(Your objective) Please write out every line of the material, leaving out any picture.

(Data below)
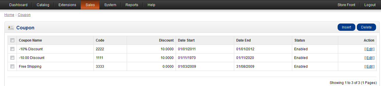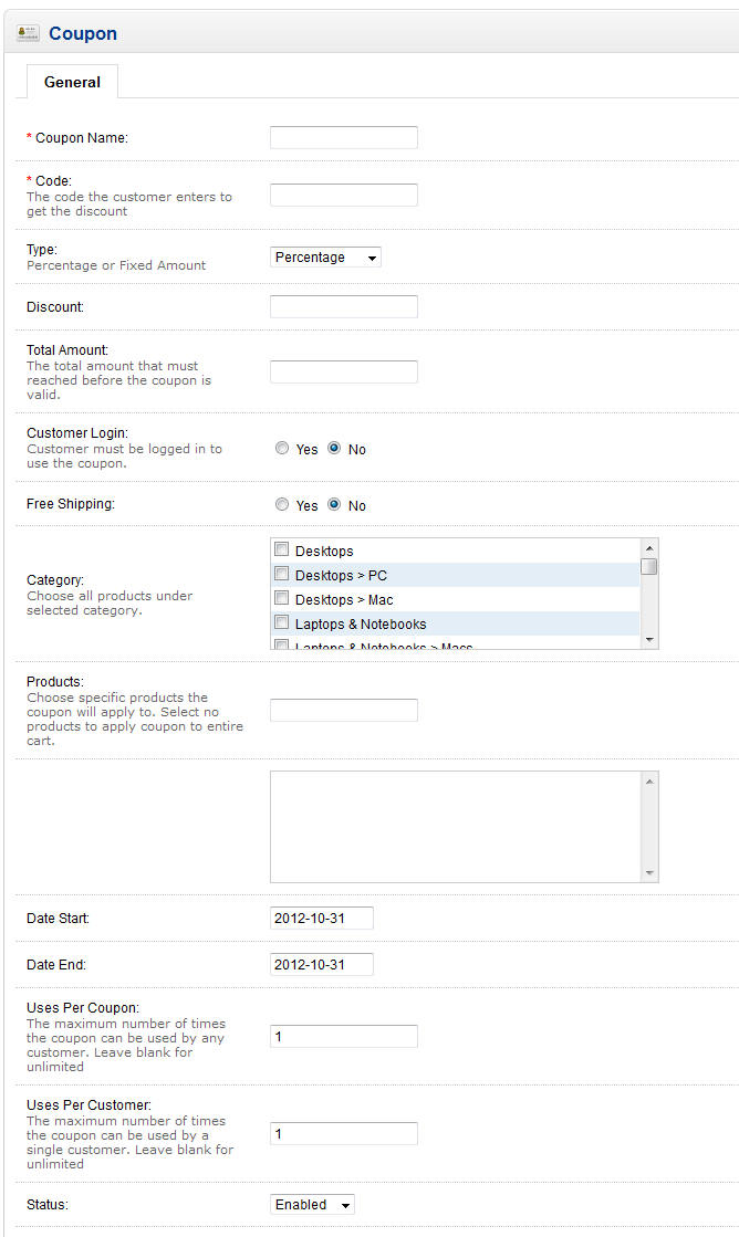 The main items we will be discussing are the limiting factors for their use. OpenCart lets you set limits on coupon use by allowing you to define the start and and end date during which a coupon can be used. You can also limit a coupon PER COUPON or PER CUSTOMER.
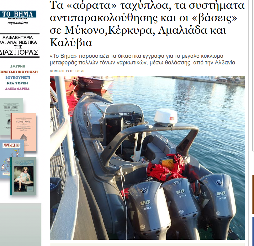 Mediat greke edhe ditën e sotme kanë vijuar me publikimin e detajeve të reja nga operacioni që u zhvillua për ndalimin e një gomone të nisur nga Himara, që transportonte 1.6 tonë drogë drejt Truqisë. Policia greke në këtë operacion të cilësuar historik arrestoi 11 persona gjithsej, mes tyre edhe 6 shqiptarë, por mediat greke flasin për ‘bosë’ të narkotrafikut nga Shqipëria, që drejtonin këtë grup kriminal. Në numrin e sotëm të gazetës “To Vima” theksohet se ky grup kriminal paguante 50-60 mijë euro për vendosjen e motorëve në gomone që të ishin gati për udhëtim, ndërsa disa prej gomoneve i deklaronin si të shkatërruara nga zjarri. Gjithashtu nënvizohet se grupi ishte i trajnuar për taktika që do t’i shpëtonin nga ndjekja në det. Gazeta greke shkruan ndër të tjera se anëtarët e këtij rrjeti të fuqishëm të narkotrafikut përdornin automjete me targa të huaja për të lëvizur brenda në qytet. “To Vima” zbulon për të parën herë pseudonimin e ‘bosit të madh’ shqiptar, i cili mban pseudonimin ‘Vito’ dhe është 31-vjeç, me shtetësi italiane dhe origjine shqiptare. Edhe televizioni “ANT1” ka publikuar disa detaje, duke nënvizuar se greku i arrestuar që kishte parking gomonesh është djalë polici, ndërsa nëna e tij shprehet se këtë gomone ai e mbajti tre muaj në parking thjesht në ruajtje.
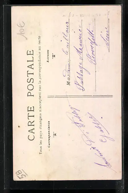 Personenbezogene Daten auf der Rückseite der Karte wurden durch blauen Textmarker unkenntlich gemacht. Die blauen Stellen sind auf die Vorderseite durchgeweicht und wirken sich negativ auf das Postkartenfoto aus

(Written answer)
 The main items we will be discussing are the limiting factors for their use. OpenCart lets you set limits on coupon use by allowing you to define the start and and end date during which a coupon can be used. You can also limit a coupon PER COUPON or PER CUSTOMER.
 Mediat greke edhe ditën e sotme kanë vijuar me publikimin e detajeve të reja nga operacioni që u zhvillua për ndalimin e një gomone të nisur nga Himara, që transportonte 1.6 tonë drogë drejt Truqisë. Policia greke në këtë operacion të cilësuar historik arrestoi 11 persona gjithsej, mes tyre edhe 6 shqiptarë, por mediat greke flasin për ‘bosë’ të narkotrafikut nga Shqipëria, që drejtonin këtë grup kriminal. Në numrin e sotëm të gazetës “To Vima” theksohet se ky grup kriminal paguante 50-60 mijë euro për vendosjen e motorëve në gomone që të ishin gati për udhëtim, ndërsa disa prej gomoneve i deklaronin si të shkatërruara nga zjarri. Gjithashtu nënvizohet se grupi ishte i trajnuar për taktika që do t’i shpëtonin nga ndjekja në det. Gazeta greke shkruan ndër të tjera se anëtarët e këtij rrjeti të fuqishëm të narkotrafikut përdornin automjete me targa të huaja për të lëvizur brenda në qytet. “To Vima” zbulon për të parën herë pseudonimin e ‘bosit të madh’ shqiptar, i cili mban pseudonimin ‘Vito’ dhe është 31-vjeç, me shtetësi italiane dhe origjine shqiptare. Edhe televizioni “ANT1” ka publikuar disa detaje, duke nënvizuar se greku i arrestuar që kishte parking gomonesh është djalë polici, ndërsa nëna e tij shprehet se këtë gomone ai e mbajti tre muaj në parking thjesht në ruajtje.
 Personenbezogene Daten auf der Rückseite der Karte wurden durch blauen Textmarker unkenntlich gemacht. Die blauen Stellen sind auf die Vorderseite durchgeweicht und wirken sich negativ auf das Postkartenfoto aus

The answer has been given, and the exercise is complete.